The old woman lived in that house by herself, there’d been an old man who had died before any of the children could remember, except maybe the oldest could remember: a siren in the night, the sheriff’s car with its flashing red light like summer lightning wild and flashing through the darkened windows of the children’s house, and afterward the deputies asking questions of their parents, people talking of it for a long time: Why? Why’d he do it? The children were not supposed to know, the old man had killed himself with his own shotgun, which was a twelve-gauge double-barrel like all the men had; he’d blown most of his head off with the buckshot blast but it had been an accident, the old woman claimed, he hadn’t mean it, hadn’t been drinking or anyway had not been drinking much, only just hard c
ider not whiskey; he’d been trying to clean the gun that wasn’t firing right, needed oiling and polishing and there’d been a time, the old woman said, he’d just been back from the War and built this house and barns and he’d took such pride in his guns, the shotgun and a twenty-two Springfield rifle, but lately he’d been letting things go, had not been well, his broke hip, his broke ankle from the damn horse kicking him, and that sickness he had he’d thought was t.b. but only just bron-ki-tis kept him coughing and sick for a year, so he’d gotten tired and careless at the end, mean and foul-mouthed, yelling at the neighbors to get off his property when it wasn’t his property where they were—like the Quick family’s back pasture where the fences were falling down—the old man prowled the fields, his neighbors’ back lanes, close up behind their barns, his beard not trimmed like it used to be but a rat’s nest and stained around the mouth and his old coveralls stiff with dirt and carelessly buttoned or not buttoned at all; nobody wanted to accuse the old man of stealing from them, but sure he’d walk off with things where he found them if no one was around—hand saw, paint bucket, wheelbarrel left in the Pinchbecks’ pear orchard. Years ago when the children’s parents were just children themselves the old man had gotten into a feud with one of his neighbors and some time later the neighbor’s barn burned down. But it was never proved against him.

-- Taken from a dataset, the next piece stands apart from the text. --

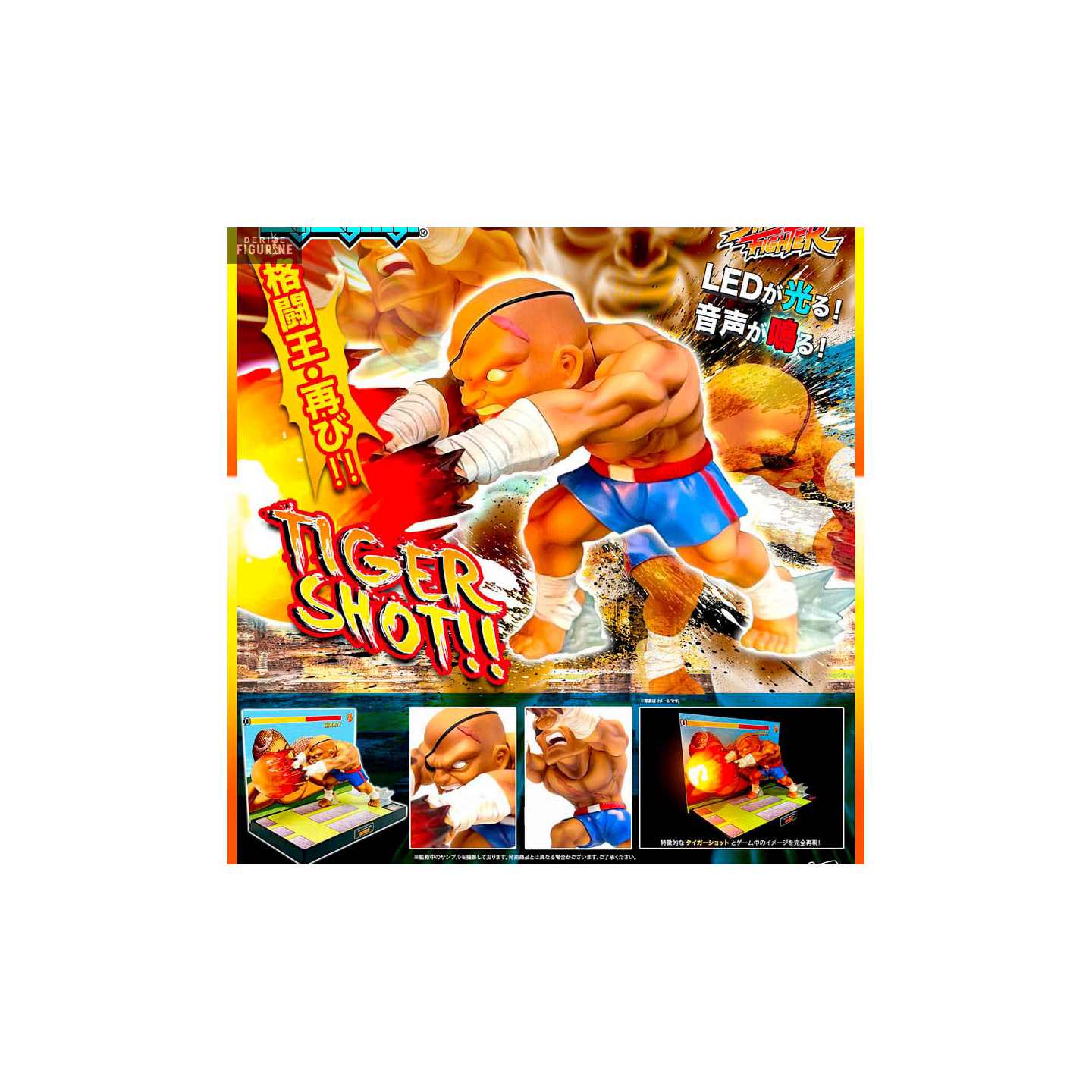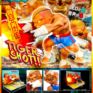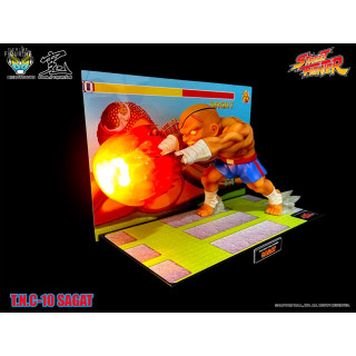 Street Fighter s'offre cette somptueuse figurine diorama du combattant Sagat, un spécialiste de la box Thaïlandaise dans la célèbre franchise de jeux vidéo de Capcom. Il est arrivé dans la série en 1987 où il était un personnage du côté des méchants puisqu'il obéissait à Bison. Cette figurine est non seulement lumineuse, mais aussi sonore. Pour cela, vous aurez besoin trois piles AAA (non incluses).

One of their boys died of a burst appendix aged eleven, because the old man hadn’t wanted to call for a doctor, hadn’t wanted to pay. It was his pride, too, they didn’t have a telephone and he’d have had to ask a neighbor to call for him and God damn he wouldn’t lower himself to begging, nor would he let the old woman go begging either, the kid had a stomach ache that was all, some kind of flu you’d expect to pass away except it wasn’t flu but appendicitis so Calvin died. The children’s parents said afterward they’d have paid for the doctor for God’s sake letting a child die like that, worse than murder. The other children in that house were two boys and a girl and they’d been older and they moved away and no one knew where they were or even if they were still alive, it wasn’t a question you could ask of the old woman for no one spoke to the old woman, not for years.